= Confessional subscription =

In confessional churches, office-bearers (such as ministers and elders) are required to "subscribe" (or agree) to the church's confession of faith. In Presbyterian denominations, this is the Westminster Confession of Faith, while in Confessional Lutheranism it is the Book of Concord. The degree to which subscribers are required to agree with the confession varies from denomination to denomination.

==History==

The Presbyterian Church in Ireland wrestled with the issue of confessional subscription in the early 18th century. In 1726, the Synod of Ulster expelled ministers who refused to subscribe to the Westminster Confession of Faith – this group formed the Synod of Antrim, which eventually became the Non-subscribing Presbyterian Church of Ireland. In the American colonies, the Synod of Philadelphia initially did not have a confession of faith: while the Scots-Irish stressed precise theological formulation, professional ministry, and the orderly and authoritarian nature of church government, the New Englanders emphasized "spontaneity, vital impulse, adaptability." The Scots-Irish believed that confessional subscription would preserve Reformed orthodoxy from the threat of rationalistic ideas, while the New England party preferred declaring the Bible as the common standard for faith and practice. The impasse was resolved with the passage of the Adopting Act of 1729. This was a compromise that required subscription to the "essential and necessary" parts of the Westminster Standards – what was deemed to be essential and necessary was left to individual presbyteries to determine.

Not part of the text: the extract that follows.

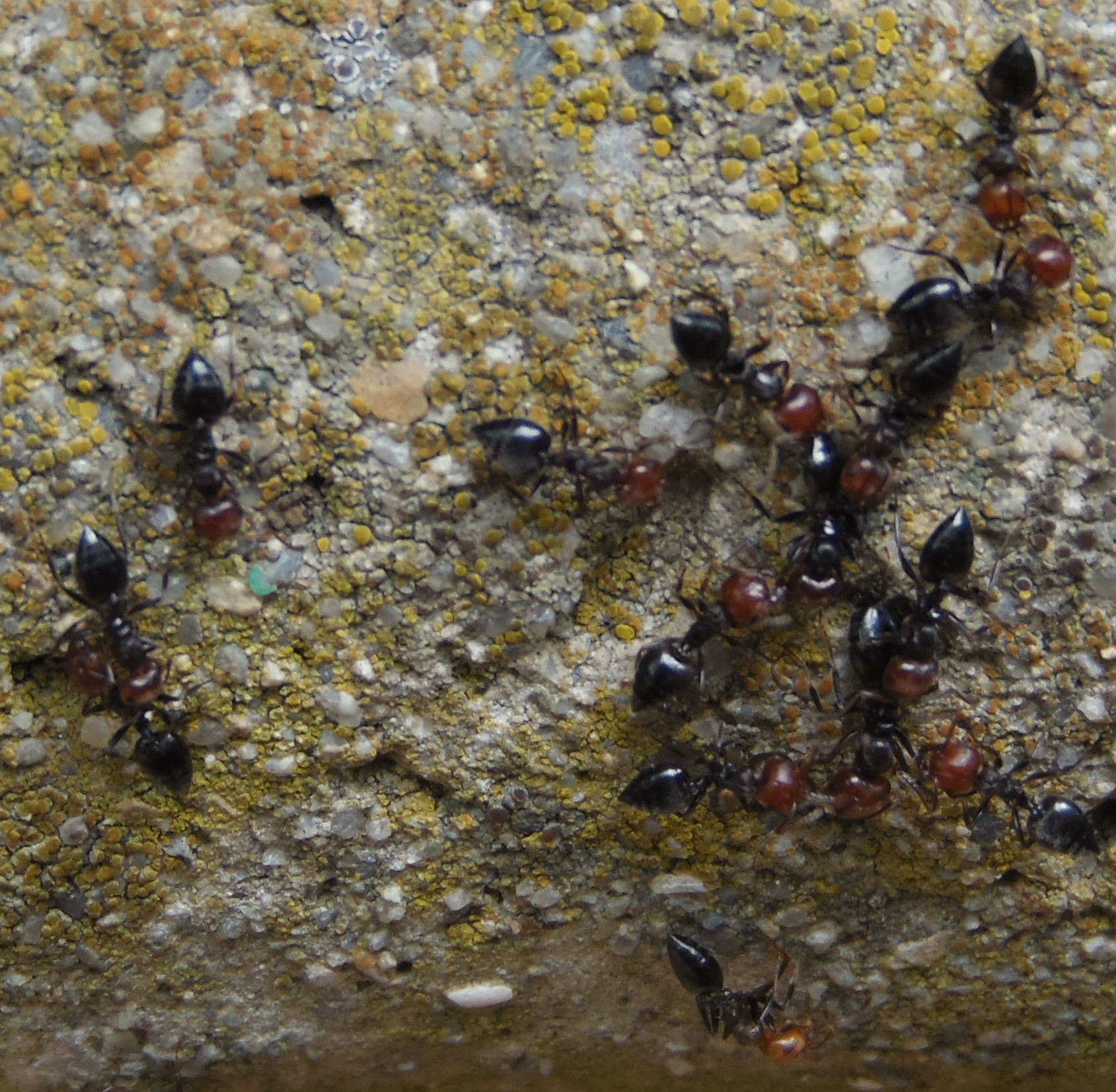 dopo una nottata di pioggia ritrovo davanti casa quello che è letteralmente un tappeto di presunte Crematogaster scutellaris. E' ovvio che nei paraggi sono nascosti numerosi formicai, ma questa "uscita di massa" la trovo alquanto insolita e curiosa. Queste formiche stanno ferme ormai da ore, alcune si ammasano (non sembra ne combattimento ne grooming) e al minimo disturbo rispondono con qualche attimo di frenesia, per poi tornare alla calma.

==Levels of subscription==
===Strict subscription===
Strict subscription, sometimes called "full subscription", means that subscribers must agree to everything in the confession, without exception. This was the original approach in the Church of Scotland: in 1693, it required all ministers to affirm, "I do sincerely own and declare the above Confession of Faith... to be a Confession of my faith, and that I own the doctrine contained therein to be the true doctrine." However, minor reservations regarding government and church/state relations were allowed. In 1711, this was changed to requiring that ministers believe "the whole doctrine of the Confession... to be the truths of God, contained in the Scriptures of the Old and New Testaments". In 1889, this was changed back to something very similar to the original wording: "I declare the Confession of Faith ... to be the Confession of my faith."

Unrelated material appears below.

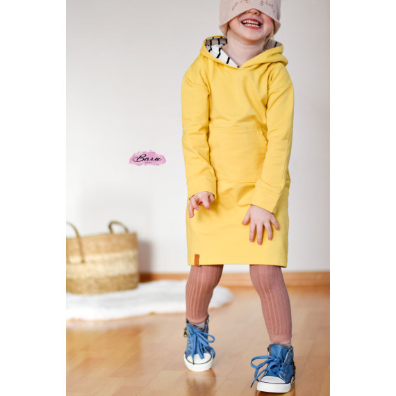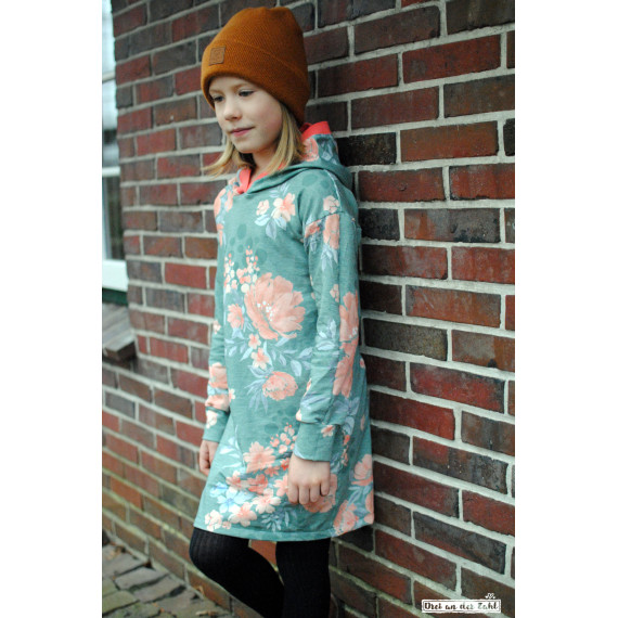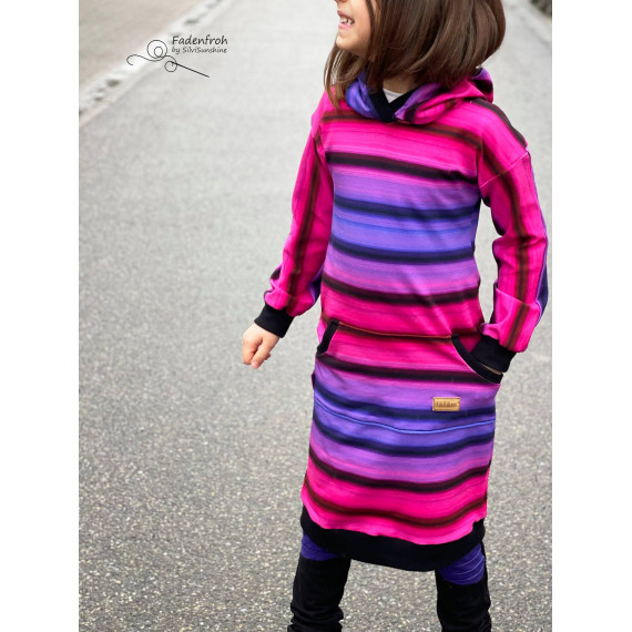 Das locker geschnittene Bequemkleid hat eine gerade Form, welche für einen lässigen und sportlichen Look sorgt. Je nach Stoffwahl kann es aber auch super süß oder klassisch wirken. Die Ärmel beginnen hier etwas weiter außen und weisen auf der Oberseite eine Ziernaht vor. Mit dieser Ziernaht kannst du z. B. durch Rüschen, Spitze oder einfach durch eine abgesetzte Naht ein tolles Highlight setzten! Eine weitere Gestaltungsmöglichkeit bietet dir die Kangarootasche, welche du optional verwenden kannst. Mit der Kangarootasche ist der sportliche Look perfekt. Die Länge des Kleides würde ich als mittellang bezeichnen, genau richtig um es zu Leggins oder Strumpfhose zu kombinieren. Das Bequemkleid ist perfekt für verspielte Nachmittage oder um einfach nur schick und cool gekleidet zu sein. Durch die gerade Form kommen übrigens auch Panels richtig toll zur Geltung!

===Good faith subscription===
A good faith subscription allows subscribers to make certain exceptions to things according to confessional standards. In presbyterian denominations, these exceptions are normally approved by a presbytery. This is the position of the Presbyterian Church in America, adopted in 2002. Its Book of Church Order says,

The court may grant an exception to any difference of doctrine only if, in the court’s judgment, the applicant’s declared difference is not in accord with any fundamental of our system of doctrine because the difference is neither hostile to the system nor strikes at the vitals of religion.

===System subscription===
In a system subscription (sometimes called "loose subscription"), a subscriber is required to agree with the "system of doctrine" of the confessional standard. According to Morton H. Smith, "System subscription holds to the adoption of all the fundamental and essential doctrines of the system. Other expressions of the Confessions and Catechisms are not considered essential to the system of doctrine as a matter of indifference, whether the ordinand adopts them or not."

This was the approach adopted by the Presbyterian Church in the United States of America from its founding in 1789: ministers promised to "sincerely receive and adopt the confession of faith of this church, as containing the system of doctrine taught in the Holy Scriptures." This is still the form of vow used in the Orthodox Presbyterian Church.

Charles Hodge noted that the phrase "system of doctrine" was interpreted in three different ways: (1) "every proposition of the Confession" (equivalent to strict subscription described above); (2) the doctrines "peculiar to" the Reformed churches; (3) the "essential doctrines of Christianity." Of the first, Hodge argued that "Such a rule of interpretation can never be practically carried out, without dividing the Church into innumerable fragments. It is impossible that a body of several thousand ministers and elders should think alike on all the topics embraced in such an extended and minute formula of belief." The third, he said, "has been tried, and found to produce the greatest disorder and contention." Thus, Hodge concluded that the only viable view was the second one.

==Declaratory statements==

Some Presbyterian denominations have added a declaratory statement to the Westminster Confession of Faith to clarify, modify, or soften its teaching and thus make it easier for office-bearers to subscribe without scruples. Many of these statements include a clause granting liberty of opinion on non-essential matters.

=="Quia" versus "Quatenus" subscription==
In Confessional Lutheranism, a model of "quia" subscription is used. From the Latin for "because", the Book of Concord is adhered to because it is faithful to the Scriptures – the subscriber believes there is no contradiction between the Book of Concord and the Scriptures. The alternative, "quatenus" (Latin for "insofar as") subscription means there might be a contradiction of the Scriptures in the Book of Concord, in which case the subscriber would hold to the Scriptures against the Book of Concord.

A similar distinction exists in Reformed churches: in 1816, King William I of the Netherlands reorganized the Dutch Reformed Church so that the form of subscription was changed from accepting the Three Forms of Unity because they agreed with the Word of God (as laid down by the Synod of Dort) to acceptance insofar as they agreed with the Word.